Qu’à cela ne tienne, le SEM n’a ni le temps ni les compétences pour évaluer quoi que ce soit, sa priorité étant d’ordonner le renvoi Dublin à chaque fois que l’occasion se présente. L’autorité procède donc à un simili-entretien où le jeune est interrogé sur son parcours scolaire et invité à donner les dates de tous les événements de sa vie, à dire à quel âge il a commencé l’école, ou arrêté l’école, ou quand sa maman est décédée, ou lorsqu’il a quitté le pays… Alfred a été enfant des rues, il a vagabondé pendant plusieurs années dans différents pays et il ne se souvient pas de toutes ces dates.
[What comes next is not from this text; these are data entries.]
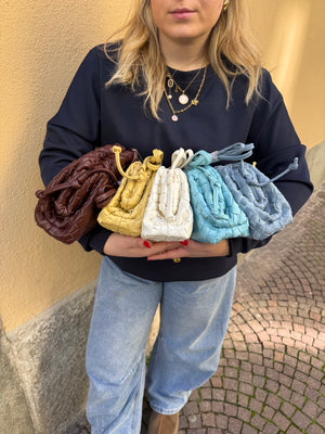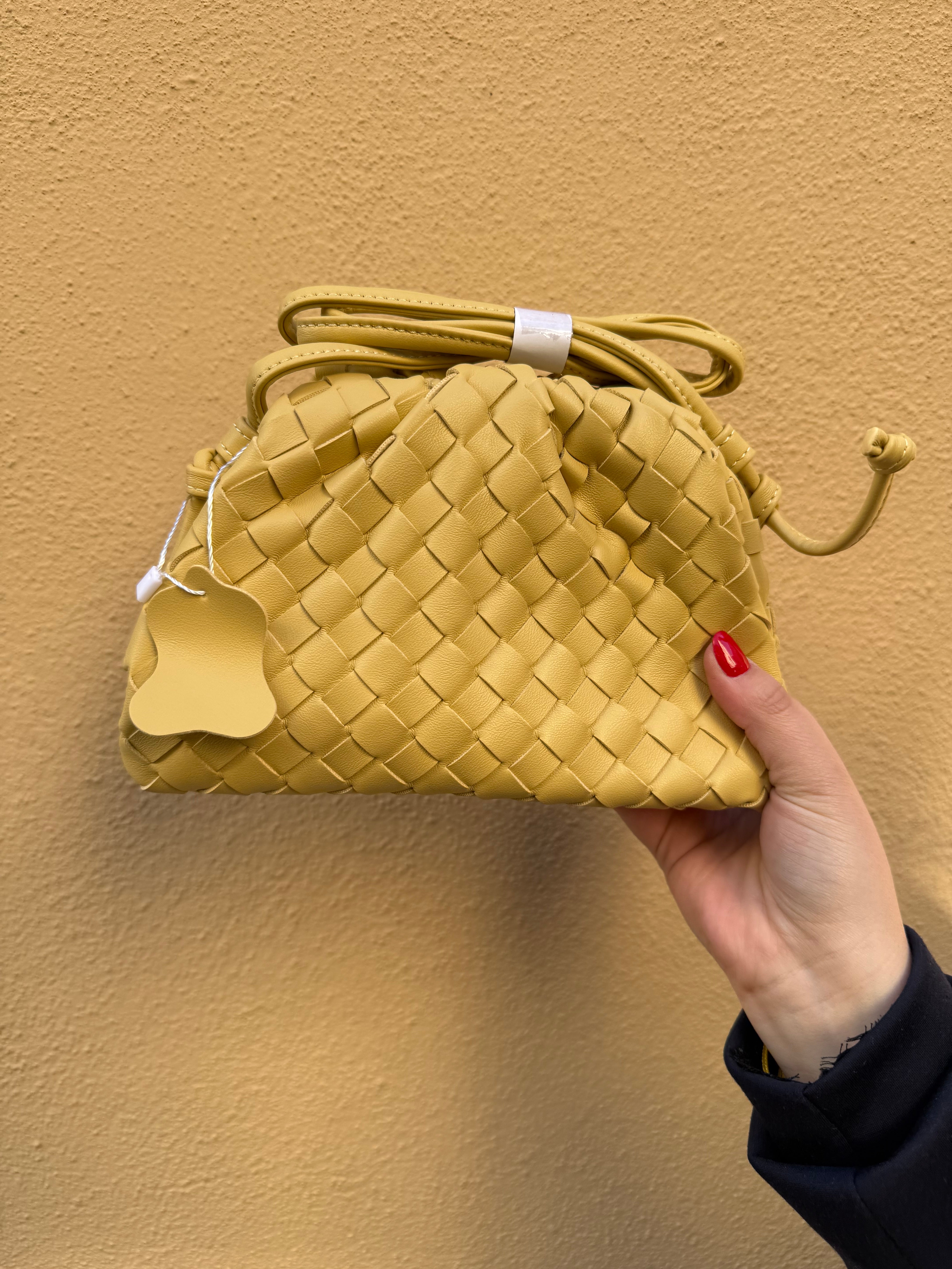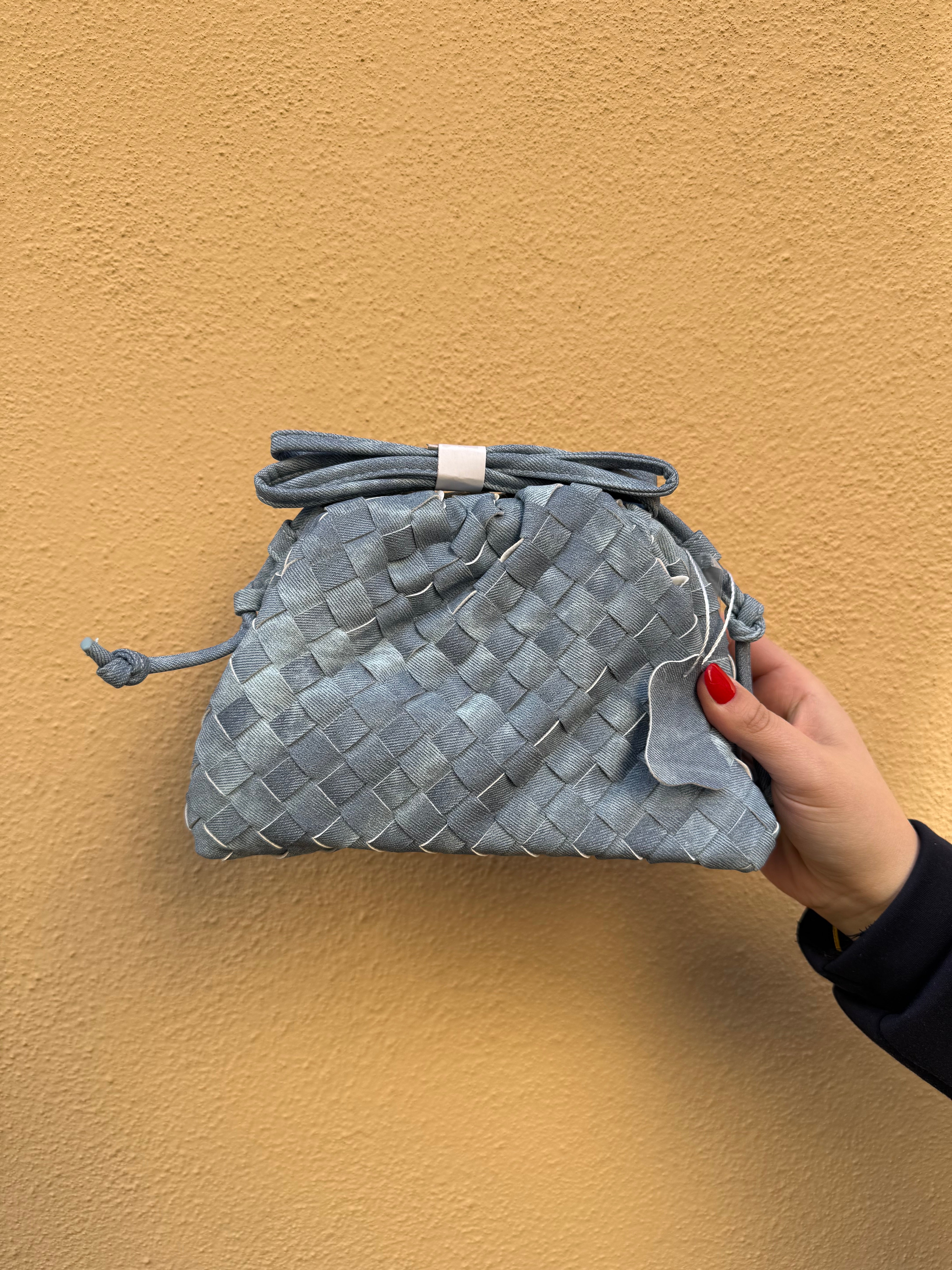 Borsa intrecciata. Con chiusura a calamita. Dotata di tracolla.
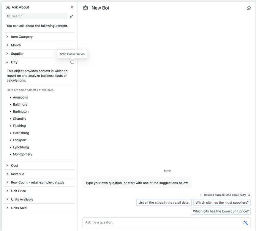 을(를) 클릭합니다. 봇의 데이터세트에 대한 세부 사항과 함께 질문하기 패널이 표시됩니다. - 개체가 애트리뷰트인 경우 개체를 확장하여 개체 설명과 샘플 데이터를 표시할 수 있습니다.
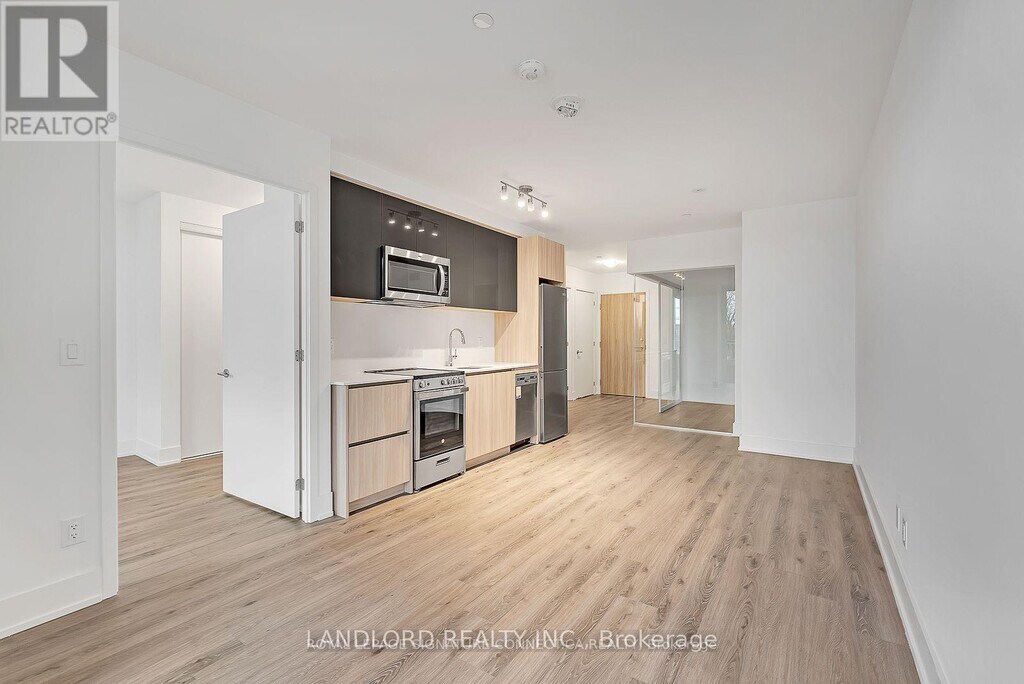 Vacant,move in ready 730 sq ft unfurnished professionally-managed 2-bedroom 2-bathroom suite with ~40 sq ft balcony in The Keeley: a new development overlooking the lake of Downsview Park and walking distance to Downsview train & subway stations (little as ~20 minutes to downtown)! Parking and locker included. Layout with 8' ceilings,open plan kitchen/living room that walks out to east-facing balcony overlooking the park and lake,east-exposure primary bedroom with double closet and 4pc en-suite bathroom,then second bedroom with built-in closet near the 2nd 3pc bathroom by the entrance. Floor plan among listing images and attached to listing. Features and finishes include: new laminate flooring throughout,stone countertops,stone backsplash,Whirlpool stainless steel appliances,Blomberg laundry machines,two-tone kitchen cabinets,tiled tub & shower stalls,and more! -- Appliances: Fridge,electric range,range microwave,dishwasher,washer,dryer. All existing window coverings. All existing light fixtures. -- Building Amenities: Refer to listing images to see all! -- Utilities: Metering of utilities by Carma. (id:63800) ID#: 1894198
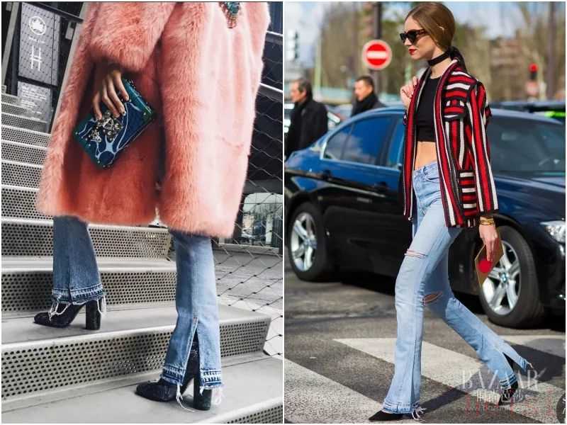 接下來芭姐要說的這款絕對是拉長腿的神器,及踝褲喇叭褲在褲腳開了個小衩,充滿了七十年代的嬉皮風。
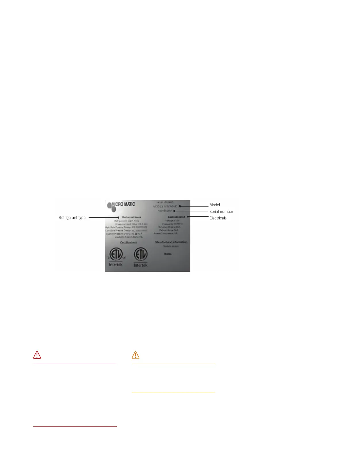 should the data plate be removed from the unit. The data plate is essential to identify the particular
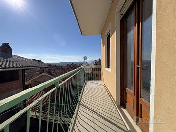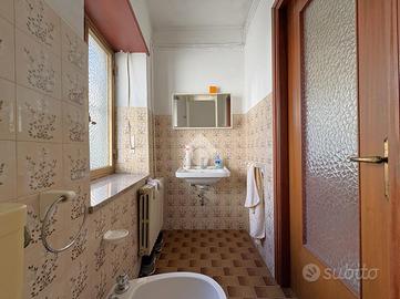 Salendo al primo piano, la zona notte offre due confortevoli camere da letto di cui una matrimoniale, entrambe con affaccio sul balcone, e un bagno finestrato con vasca di generosa metratura.

Il dit une fois 2013, une autre fois 2014 et c’est dans la poche. La décision de renvoi fait le détail de toutes les erreurs de dates de l’audition pour conclure que les déclarations du requérant à propos de son âge prétendument mineur sont sujettes à caution. Il n’y a pourtant aucun rapport entre les erreurs de dates et la minorité d’Alfred, ou, au contraire, parce qu’il ne parvient pas à se remémorer les dates de sa courte vie, on doit penser qu’il est mineur car à l’âge de l’adolescence, les événements de l’enfance et même de la pré-adolescence peuvent paraître lointains. La perception du temps écoulé, chez les jeunes, est très différente de celle des adultes.
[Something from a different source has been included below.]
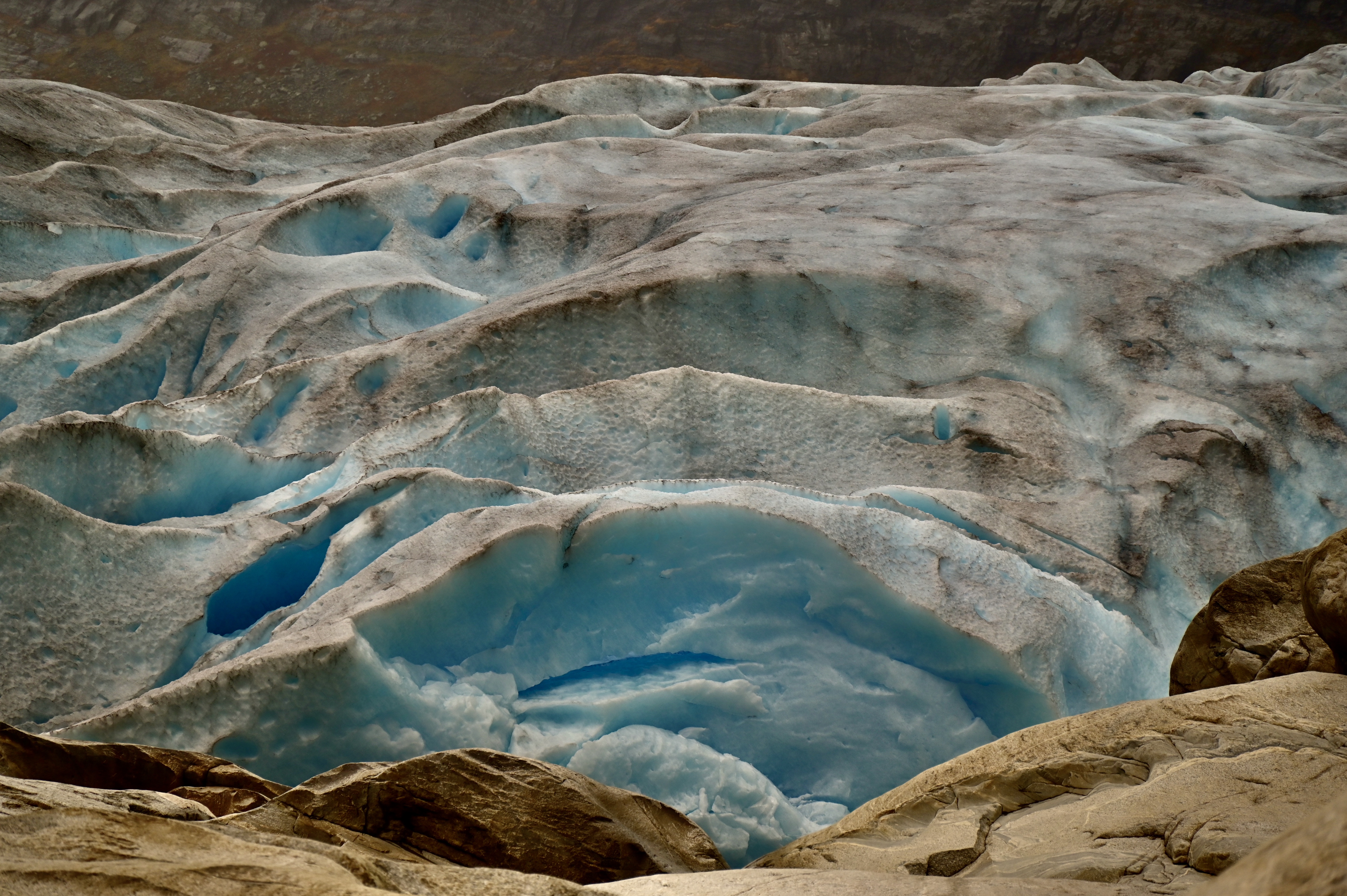 5. Nigardsbreen glacier. The day after hiking Mount Molden, we drove up to Nigardsbreen glacier. There was quite some fog which lay in beautiful layers around the mountains. The Breheimsenteret (visitor’s centre) was already closed since October first, but the door was open and they let me use the toilet. We drove our car via the tollroad which costs 80 Kr and which you can pay by credit card up to the parking lot next to the lake. From the car park it is a 3 km walk up to the viewpoint close to the glacier. The path is very well marked but quite strenuous, you walk over the polished rocks which can be slippery, so you better make sure you wear shoes with extra good grip. On certain points wooden ladders help you over some higher rocks. Be careful when it rains, it can become very slippery. You also have to cross some small streams where well placed rocks help you keep you feet dry. The walk from the car park to the viewpoint takes about one hour one way. In summer time there is a boat that takes you from the car park to the end of the lake, but it did not go out anymore in October.
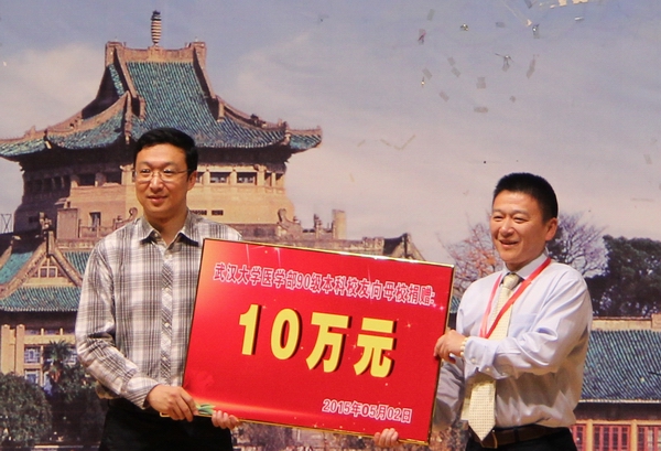 校友们欢聚一堂,共叙友情,还积极捐款10万元,支持母校的发展。(医学部综合办 王莹)

Et donc, dans ces affaires, c’est le fonctionnaire du SEM tout seul, à l’issue d’un unique entretien d’une heure ou deux avec le jeune, qui décide quel âge il a. Aucun expert n’intervient à aucun moment, ni aucun conseiller indépendant, qui expliquerait au jeune en quoi consiste l’audition, quels sont les objectifs ou qui l’aide à se préparer aux questions. Toutes les questions posées le sont en fonction d’une pratique administrative d’évaluation de la vraisemblance des motifs d’asile. Or, évaluer la crédibilité d’un récit de fuite, ce n’est pas évaluer un âge. L’audition ne conduit pas à une véritable évaluation de la maturité, par exemple des représentations du jeune, de lui-même ou de sa place dans son environnement, de sa façon de comprendre les choses ou de réagir aux événements, qui tendrait à déterminer dans quelle mesure le jeune assume une indépendance face aux adultes ou en reste au contraire dépendant, affectivement et socialement. Le SEM ne tient nullement compte de l’intérêt du mineur à défendre ses propres droits, c’est-à-dire à apporter des arguments qui soient véritablement utiles à l’estimation de son âge. A aucun moment il n’est aidé ou accompagné pour formuler son avis d’une manière suffisamment éclairée, en rapport avec les enjeux. Il n’y a pas de respect des droits de la défense.

Le SEM omet systématiquement dans ces cas d’inviter l’autorité cantonale à nommer une personne de confiance pour accompagner le mineur, comme le prescrivent pourtant l’article 17 LAsi et l’article 6 du règlement Dublin.

Le SEM omet également, en conduisant la procédure dans un cadre administratif et d’une manière inappropriés, de prendre « particulièrement » en considération les intérêts du mineur comme le prescrit pourtant l’article 17 LAsi.

Le SEM n’ordonne pas non plus d’expertise comme il devrait pourtant le faire selon ce que prévoit l’article 17 LAsi, dans les cas où «des indices laissent supposer qu’un requérant prétendument mineur a atteint l’âge de la majorité ».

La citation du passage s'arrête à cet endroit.